Industry losses from catastrophes and severe weather events are estimated to have reached $87.3 billion in 2020 by the Jefferies equity analyst team, but with frequency a significant factor, it’s assumed the main source of losses for reinsurance capital was through quota share and aggregate covers.
In reviewing 2020, the analyst team from investment bank Jefferies said that, “2020 was a costly year for insurers and reinsurers, especially for those underwriting US based risk.”
However, there were no really significant insurance market loss events, with the largest single industry loss event being hurricane Laura at close to $9 billion.
While US convective storms and severe weather was the main driver of annual losses, at around $27.8 billion by the analysts reckoning, this is made up of numerous smaller events, again reflecting the frequency loss year that 2020 was.
“Within the industry, we note that the high frequency and lower severity of losses leads us to believe that insurers will retain a higher proportion of the losses,” Jefferies analysts explained.
Adding that, “Amongst reinsurers, this also leads us to expect that a higher proportion than usual will be incurred through quota share and aggregate covers.”
For some reinsurers, and this will also apply to some insurance-linked securities (ILS) funds and collateralized reinsurance vehicles, the aggregate covers in question may only have neared triggering right at the end of the year.
We understand this has driven some trapping or retention of collateral in a few cases, as cedents waited at year-end to establish whether any recoveries are valid against their aggregate protection.
For those ILS funds investing in quota share reinsurance arrangements, including sidecars, and private quota shares, some flow of losses will have been experienced through the year, although given where many quota shares sit and the relatively average losses experienced across the year, the share of losses through these may only have been attritional in 2020.
Given the trend towards aggregate reinsurance recoveries, the analysts believe that a disproportionate share of losses may have fallen to reinsurers in the fourth-quarter of the year.
Another issue that Jefferies analysts note, is a trend towards loss creep for a number of catastrophe events that occurred in 2020.
“Data points relating to some severe weather losses and wildfires have become increasingly negative, with loss estimates rising. At the moment, it isn’t clear whether this problem is contained to publically available data, or if reinsurers have also under-reserved for claims,” the analysts explained.
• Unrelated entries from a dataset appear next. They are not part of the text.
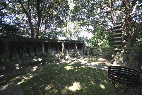 「寛永14年“島原の乱”のキリスト教徒は大挙して島原城(旧森岳城)を包囲、その時島原南部寺院の僧の首をはね、槍の穂先につきさしお城大手門へとさっとうした。あらゆる手段をこうじて攻撃を加えたが落城しないので、ついにその時廃城になっていたこの地(丸尾城跡)にたてこもり海岸の船を焼き払い、完全に島原城を包囲したのである。このような状況下で社寺はもとより地蔵様の首はキリスト教徒によってはねられたのである。この中で地蔵様の一体は冠をかぶった将軍地蔵で地蔵様ではないと思ったのであろう御無事です。」
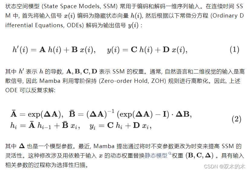 Mamba[6]是一种基于状态空间模型 (State Space Models, SSM) 的序列模型 Backbone,在语言、音频和基因组学等几种模式中显示出显著的有效性和效率。Mamba 实现了与 Transformer 相当的性能,且具有更好的推理时间和效率。与 Transformer 的二次计算复杂度相比,Mamba 在长序列建模中显示出巨大的前景,因为 Mamba 的计算复杂度与 token 的数量成线性关系。Mamba 的这些特性促使本文作者将 Mamba 作为扩散模型的新的 Backbone 引入,尤其是对于高效的高分辨率图像生成。
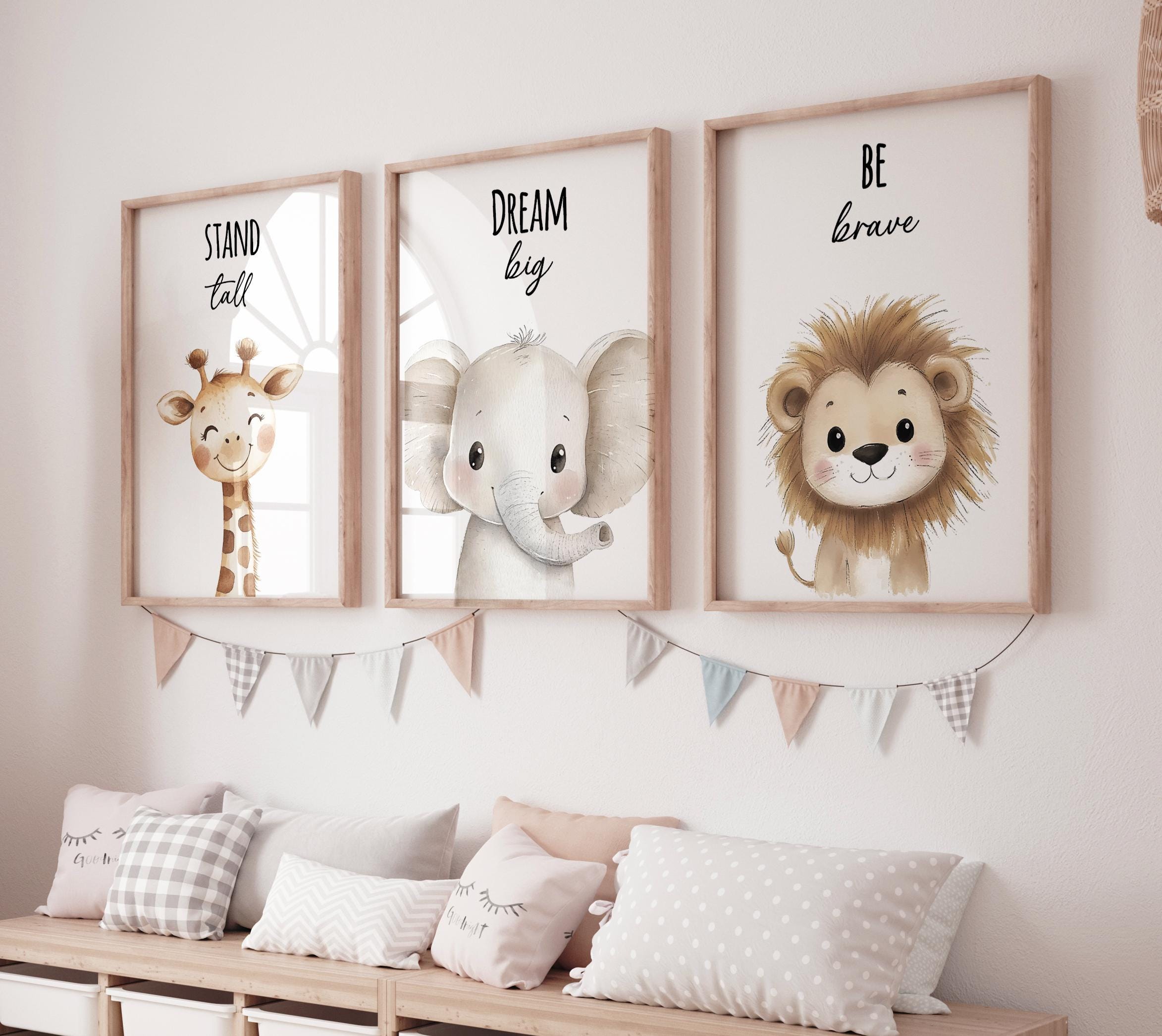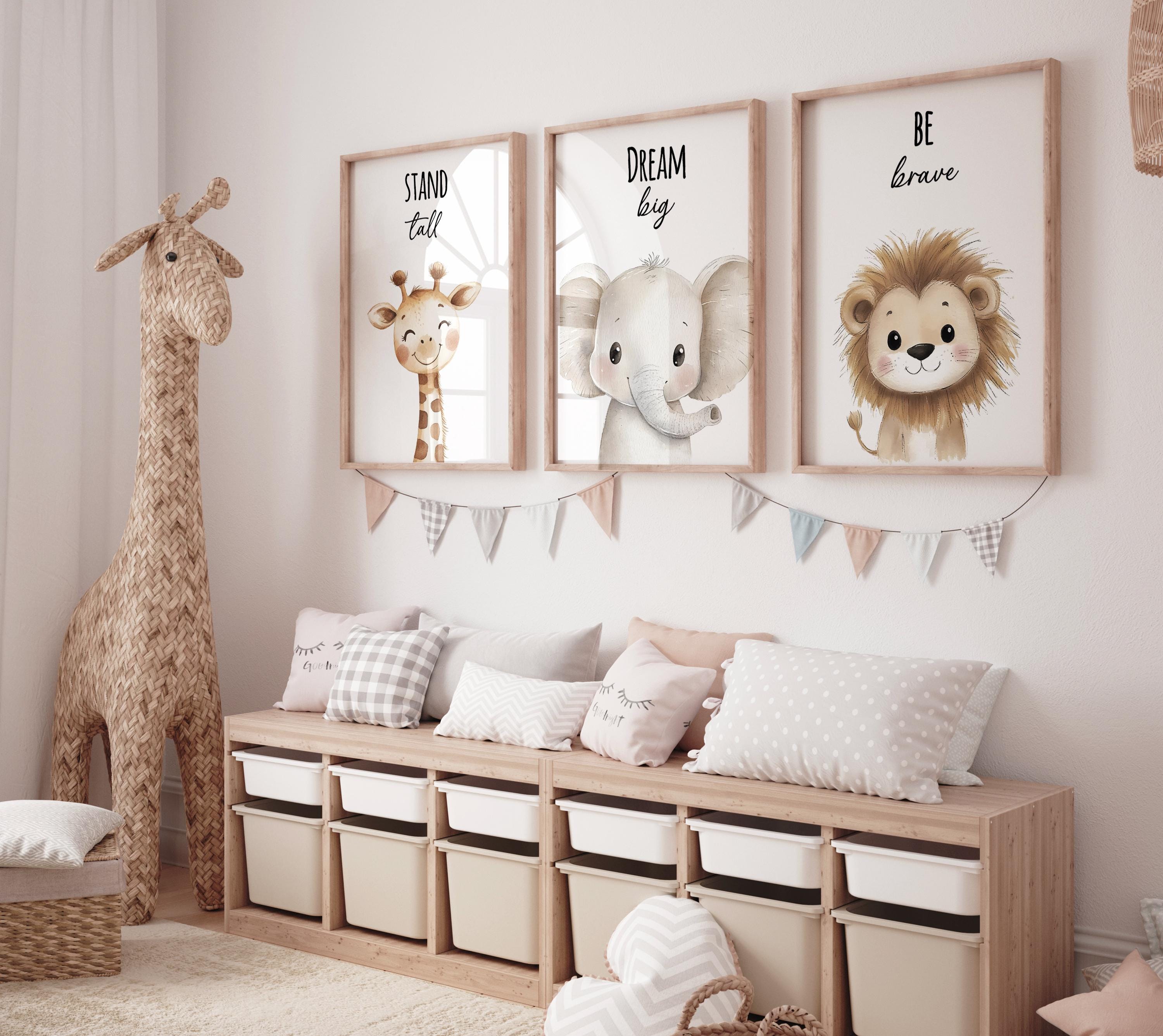 Bring warmth and inspiration to your little one’s space with this adorable safari-themed nursery wall art set. Featuring a giraffe, elephant, and lion with the uplifting quotes “Stand Tall,” “Dream Big,” and “Be Brave,” this collection is perfect for both boys’ and girls’ rooms.
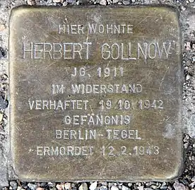 - «Herbert Gollnow». Stolpersteine in Berlin (en alemán). Koordinierungsstelle Stolpersteine Berlin. Consultado el 11 February 2021.
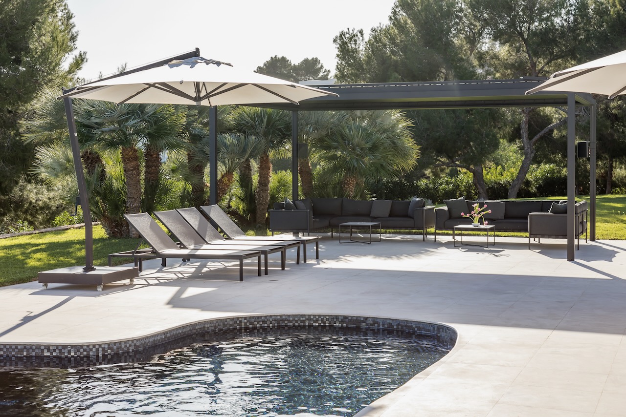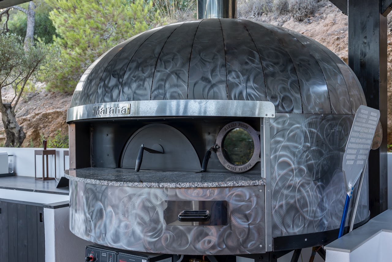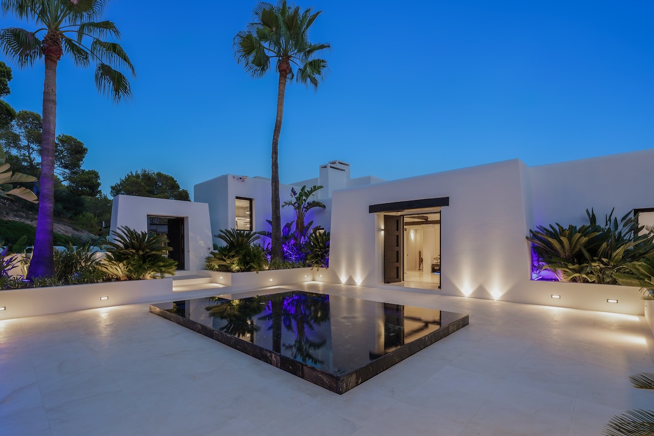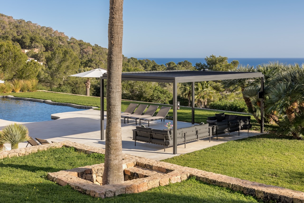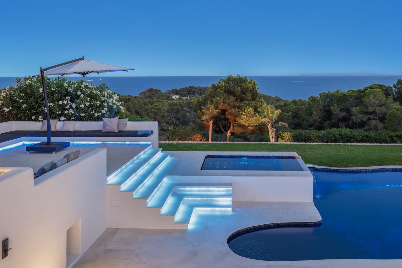 Relax after sunset or entertain outdoors the sound system, the multi-colored lights and an outdoor kitchen with a charcoal barbecue make it the best place where to end a beautiful day in Ibiza.
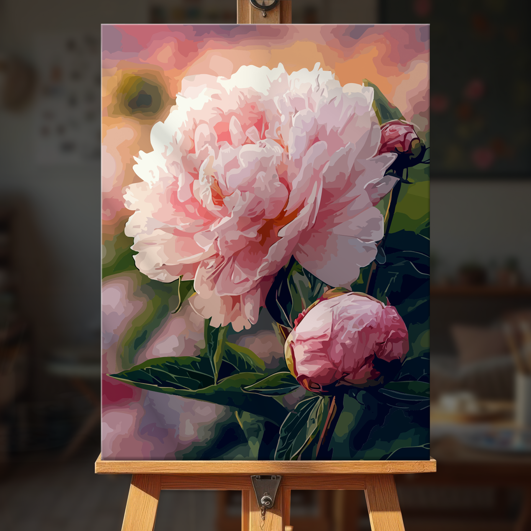 The canvas is pre-stretched on a wooden frame — ready to hang when finished.
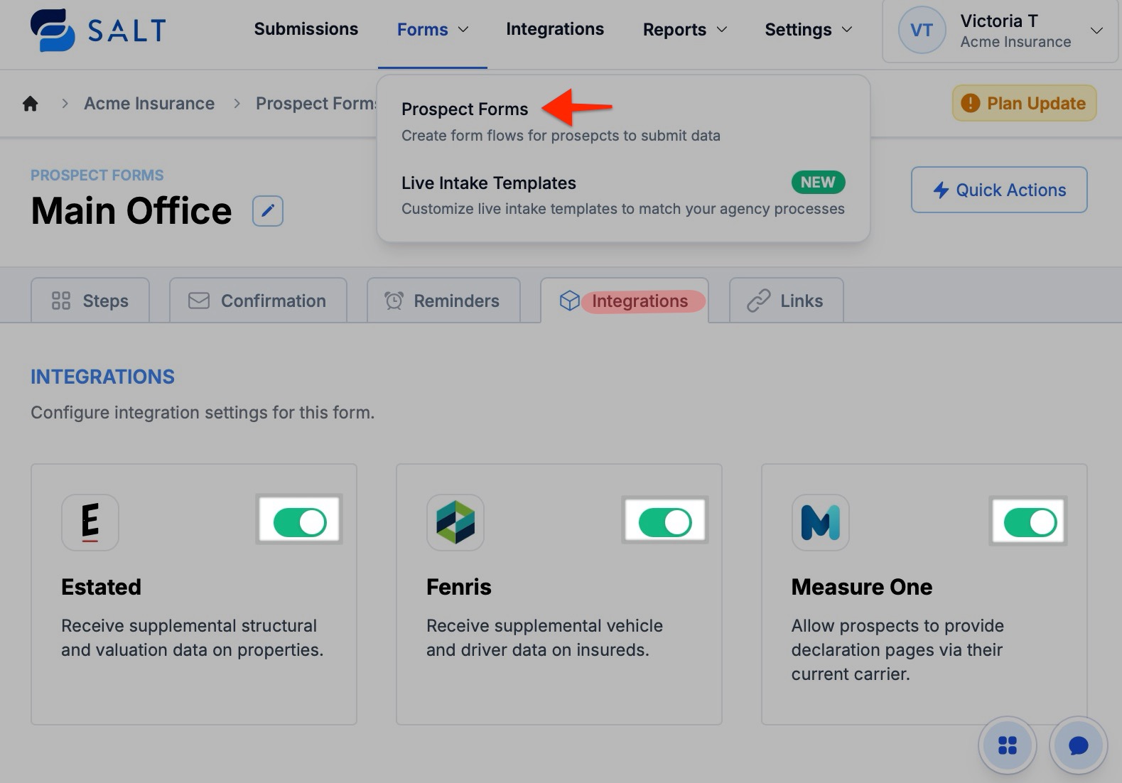Once enabled, Managers with form-editing permission enabled can toggle these data integrations on/off at the form level.

Adding that, if that is the case, “Then its possible that this drives reserve strengthening for losses booked earlier in 2020.”
The analysts further explain that, “Laura is a notable case, where our estimates have risen 80% since August 2020 and industry forecasts have been revised upwards from a range of $4bn-$8bn initially to a maximum of $13bn today.”
The wildfires in the western United States, so California, Oregon and Washington, are another case in point, “US wildfires occurred primarily between August and early October (3Q) but loss estimates subsequently rose between October and December (4Q). In our forecasts, we lifted our estimates from $5.6bn in September, to $11.5bn in October, to $12.5bn today. Within the same period, industry estimates have also been revised up from a range of between $4.0bn-$8.0bn to $7bn-$13bn.”
We understand that creeping losses from 2020 could also have driven some trapping of collateral discussions around year-end, with some cedents concerned that loss creep could have triggered their aggregate reinsurance or retrocession covers.